The results show that the model with the greatest accuracy is the Random Forest. However, in this case we are more concerned with minimizing the likelihood of not detecting banks that really are close to failure. This is why it is best to look at the results of *Recall*, for which it seems that the best decision is Logistic Regression.

Now let's optimize its hyperparameters with a grid search.

# Hyperparameter optimization

In [None]:
# classification report before optimizing hyperparameters
label = ['Stable', 'Unstable']
print(classification_report(y_test, y_pred_lr, target_names=label))

In [None]:
# pipeline
pipeline_lr = make_pipeline ( StandardScaler(),
                          LogisticRegression ()
                          )

# range value C
param_range = [ 0.001, 0.01, 0.1, 1.0 ]
# creo griglia parametri
grid_param = [ { 'logisticregression__C' : param_range,
               'logisticregression__penalty' : ['l2', 'l1', 'none'],
               'logisticregression__solver' : ['lbfgs', 'saga'] } ]
gs = GridSearchCV ( estimator = pipeline_lr,
                   param_grid = grid_param,
                   scoring = 'recall',
                   cv = 5,
                   refit = True,
                   n_jobs = 2
                   )

gs = gs.fit ( X_train_sm, y_train_sm )

print ( 'Best score: %.3f' %gs.best_score_ )

print ( 'Best hyperparameter:', gs.best_params_ )

y_pred_gs = gs.predict (X_test)

In [None]:
# classification report before optimizing hyperparameters
label = ['Bank stable', 'Bank unstable']
print(classification_report(y_test, y_pred_gs, target_names=label))

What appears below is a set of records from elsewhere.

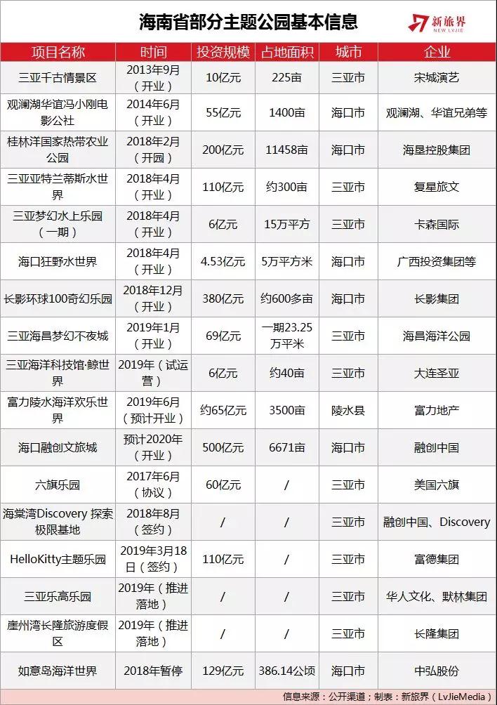 2018年,海南省70个省重点项目全年累计投资666亿元、完成年度计划的107%,三亚亚特兰蒂斯水上乐园等建成投入运营。海南市场总体保持增长态势,包括接待总人次及旅游总收入。那么,海南众多主题公园们,究竟是携手共进,还是几家欢喜几家愁?
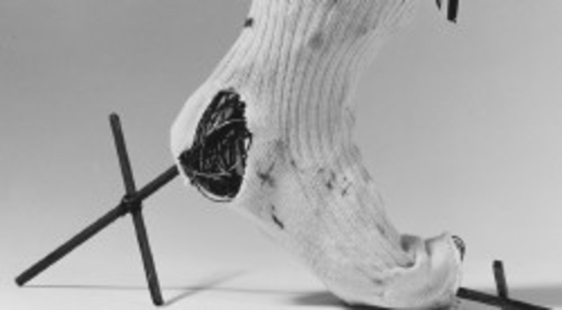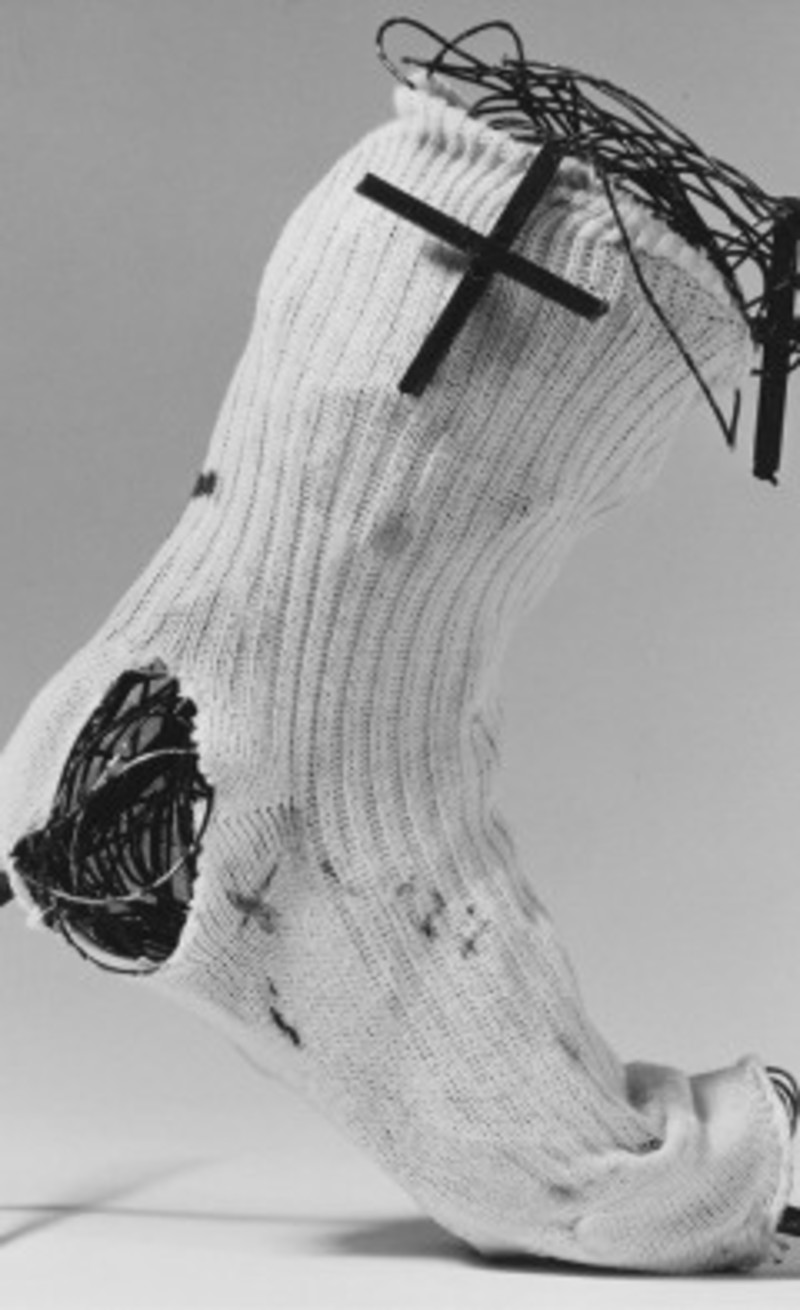 calcetín agujereado de 2,75 metros, versión reducida de otro de 18 metros ideado por el catalán para decorar el
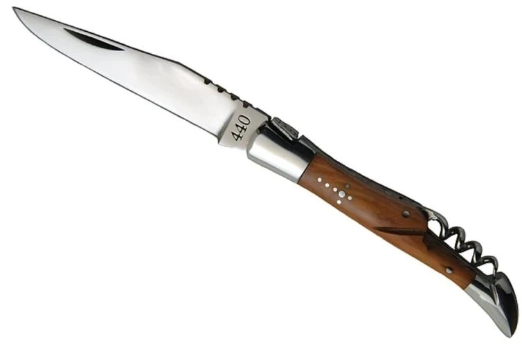 Baladeo DUB1045: zavírací nůž z oceli 440 s vývrtkou. Rukojeť nože je z olivového dřeva. Hodí se na každodenní použití. Nechybí ani oblíbená vývrtka na víno.
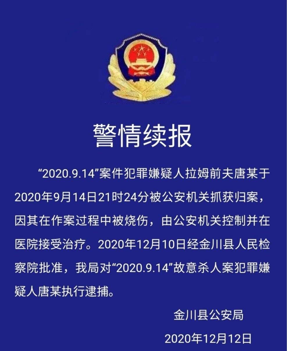 两天后的12月12日,金川县公安局发布警情续报称:“2020·9·14”案件犯罪嫌疑人拉姆前夫唐某,于2020年9月14日21时24分被公安机关抓获归案。因其在作案过程中被烧伤,由公安机关控制,并在医院接受治疗。2020年12月10日,经金川县人民检察院批准,金川县公安局对“2020·9·14”故意杀人案犯罪嫌疑人唐某执行逮捕。
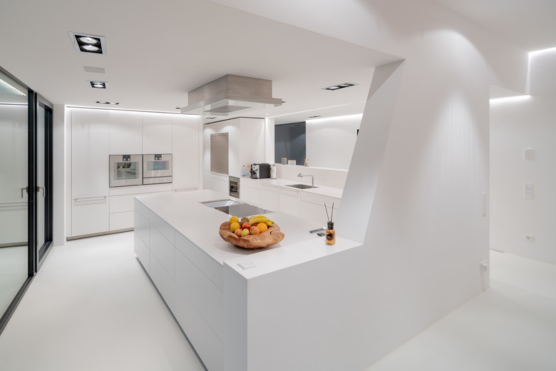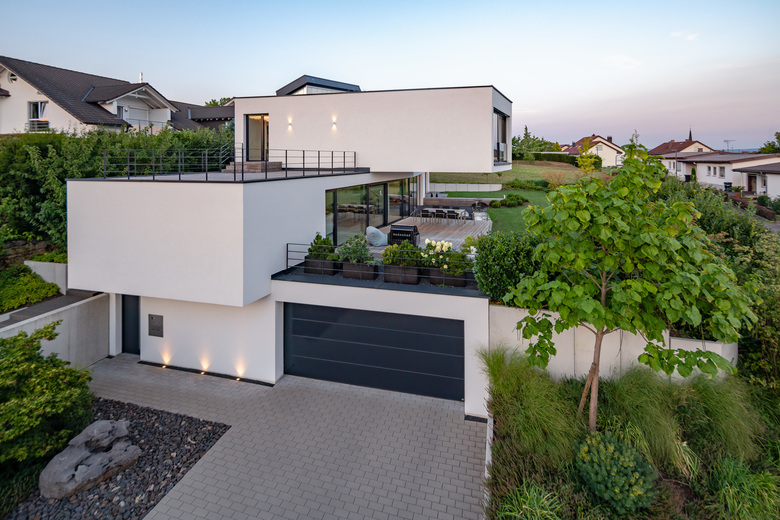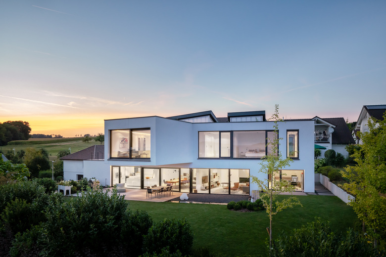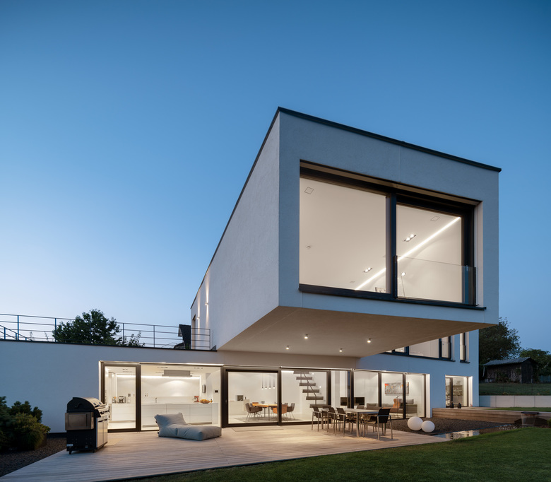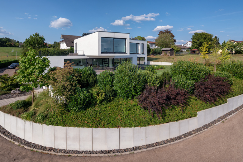 Das Gebäude erstreckt sich längs der nördlichen Grundstücksgrenze und erweitert durch eine eckig konvexe Form seine Oberfläche Richtung Aussicht welche sich bereits im Erdgeschoss bietet. Da das Erdgeschoss mehr als 2,50m über der Straße liegt ist die Privatheit der Bewohner gewährleistet. Im Obergeschoss wurde der Westliche Gebäudeteil herausgedreht und fokussiert sich auf die Aussicht.

Now, looking at the confusion matrix:

In [None]:
conf_matrix = confusion_matrix (  y_test, y_pred_gs )

# plot
fig, ax = plt.subplots(figsize=(5, 5))
ax.matshow(conf_matrix, cmap='CMRmap', alpha=0.7)
for i in range(conf_matrix.shape[0]):
    for j in range(conf_matrix.shape[1]):
        ax.text(x=j, y=i, s=conf_matrix[i, j], va='center', ha='center')
plt.xlabel('Predicted label', size = 20)
plt.ylabel('True label', size = 20)
plt.tight_layout()
plt.show()

From the confusion matrix it is concluded that:

- the optimized model commits 221 classification errors

- deeming it more serious to make the mistake of classifying a company as stable in an unstable reality, our classifier does an excellent job because he makes only 15 mistakes (of 221
totals) of this type on the entire test dataset (consisting of 2046 examples).